High resolution and local sea ice product generation for arctic operations

Motivation

The issue of high spatial resolution

Major Applications of Satellite Monitoring of the Arctic:

  • climate and environmental change

  • surveillance of sea ice regions and iceberg occurrences for safety of marine operations

They require wide regional coverage of satellite images which typically have low spatial resolution between several tens of meters and kilometers.

  • Difficult to identify targets such as narrow open water leads, small icebergs, sea ice ridges

To obtain information at a level of detail of a few meters is possible in accessible areas with dense networks of measurements stations and points of observation.

In remote regions, however, this type of information has to be made available from satellite images which cover smaller areas with high spatial resolution.

Examples of applications requiring high resolution imagery over local areas:

  • tactical navigation of cargo and cruise ships and fishing vessels operating close to the sea ice edge, in sea ice, or in waters with iceberg occurrences;

  • on-ice traffic e.g. in fjords of Greenland and Svalbard, or on landfast ice in the Baltic Sea;

  • provision of information needed in local high-resolution forecasts of ice conditions;

  • complementing in-situ data acquisitions at research stations or of ship and airplane expeditions.
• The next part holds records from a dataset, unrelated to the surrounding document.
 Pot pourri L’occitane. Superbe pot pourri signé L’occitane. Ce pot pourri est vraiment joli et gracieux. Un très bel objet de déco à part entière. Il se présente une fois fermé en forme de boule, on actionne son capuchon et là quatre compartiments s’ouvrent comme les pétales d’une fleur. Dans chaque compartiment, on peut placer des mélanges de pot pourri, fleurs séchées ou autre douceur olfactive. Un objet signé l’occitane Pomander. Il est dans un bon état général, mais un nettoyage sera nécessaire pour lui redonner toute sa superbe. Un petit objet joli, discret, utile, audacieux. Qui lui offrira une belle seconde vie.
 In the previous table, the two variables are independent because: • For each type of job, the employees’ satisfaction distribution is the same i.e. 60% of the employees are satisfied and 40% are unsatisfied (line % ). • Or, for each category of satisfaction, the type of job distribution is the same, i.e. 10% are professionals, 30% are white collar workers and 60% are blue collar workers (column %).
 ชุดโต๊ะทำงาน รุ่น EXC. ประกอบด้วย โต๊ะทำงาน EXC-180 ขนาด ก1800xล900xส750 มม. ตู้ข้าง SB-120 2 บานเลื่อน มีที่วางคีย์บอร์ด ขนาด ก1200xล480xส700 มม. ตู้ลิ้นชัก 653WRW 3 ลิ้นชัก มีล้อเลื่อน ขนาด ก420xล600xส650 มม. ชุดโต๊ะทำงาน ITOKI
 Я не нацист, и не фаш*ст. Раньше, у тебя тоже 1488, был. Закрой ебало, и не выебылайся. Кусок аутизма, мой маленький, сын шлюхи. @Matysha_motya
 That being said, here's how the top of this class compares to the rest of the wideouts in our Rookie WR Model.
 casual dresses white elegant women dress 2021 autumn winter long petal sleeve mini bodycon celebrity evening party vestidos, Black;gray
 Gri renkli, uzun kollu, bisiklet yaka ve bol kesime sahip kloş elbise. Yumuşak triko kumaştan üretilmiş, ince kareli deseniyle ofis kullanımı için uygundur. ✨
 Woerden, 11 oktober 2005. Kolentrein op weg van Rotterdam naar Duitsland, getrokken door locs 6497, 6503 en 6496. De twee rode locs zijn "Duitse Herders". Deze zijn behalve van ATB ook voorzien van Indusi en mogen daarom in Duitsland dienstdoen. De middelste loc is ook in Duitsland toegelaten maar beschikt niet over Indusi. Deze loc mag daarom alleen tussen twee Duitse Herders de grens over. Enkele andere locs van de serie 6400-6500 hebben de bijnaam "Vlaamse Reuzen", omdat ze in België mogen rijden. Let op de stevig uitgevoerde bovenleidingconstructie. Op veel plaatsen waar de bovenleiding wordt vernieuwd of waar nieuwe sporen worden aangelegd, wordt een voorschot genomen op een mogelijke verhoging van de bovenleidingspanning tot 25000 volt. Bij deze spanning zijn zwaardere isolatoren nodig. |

Advantages and challenges of multiple sensor image analysis

Different satellite sensors acquire images over the Arctic:

  • multi-spectral imagers (e.g. Sentinel-2)

  • thermal infrared sensors (e.g. Landsat 8 and 9)
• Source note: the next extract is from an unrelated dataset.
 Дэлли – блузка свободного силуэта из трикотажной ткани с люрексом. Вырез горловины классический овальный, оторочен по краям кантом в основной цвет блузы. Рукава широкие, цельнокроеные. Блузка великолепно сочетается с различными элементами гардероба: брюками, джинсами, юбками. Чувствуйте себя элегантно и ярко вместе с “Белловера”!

  • synthetic aperture radar (SAR, e.g. Sentinel-1)

They have strengths and limitations.

  • Optical images from multi-spectral imagers correspond to human vision but are restricted to times of daylight and cloud-free conditions.

  • Thermal infrared sensors reveal differences of ice and water surface temperatures also in darkness but cannot see through clouds.

  • Radar is independent of daylight and in a certain frequency range of cloud cover, but images need to be interpreted considering different factors such as frequency, polarization, and incidence angle of the radar waves.

Used as stand-alone, the images are prone to misinterpretation. Hence, the combined analysis of different image types (optical, thermal, radar at different frequencies and polarizations) provides higher confidence in the retrieval of information about sea ice conditions and presence of icebergs. But challenges remain, such as insufficient spatial overlap and time gaps between the acquisitions of single images, different levels of detail, and requirements for operational use.

To address the need for locally detailed information and for higher confidence in image interpretation through multiple sensor image analysis our team proposed the project

                                                            HIRLOMAP

as part of ESA’s Sentinel Users Preparation (SUP) initiative: [SUP-1] - Applications Preparedness with stakeholder and end-user participation.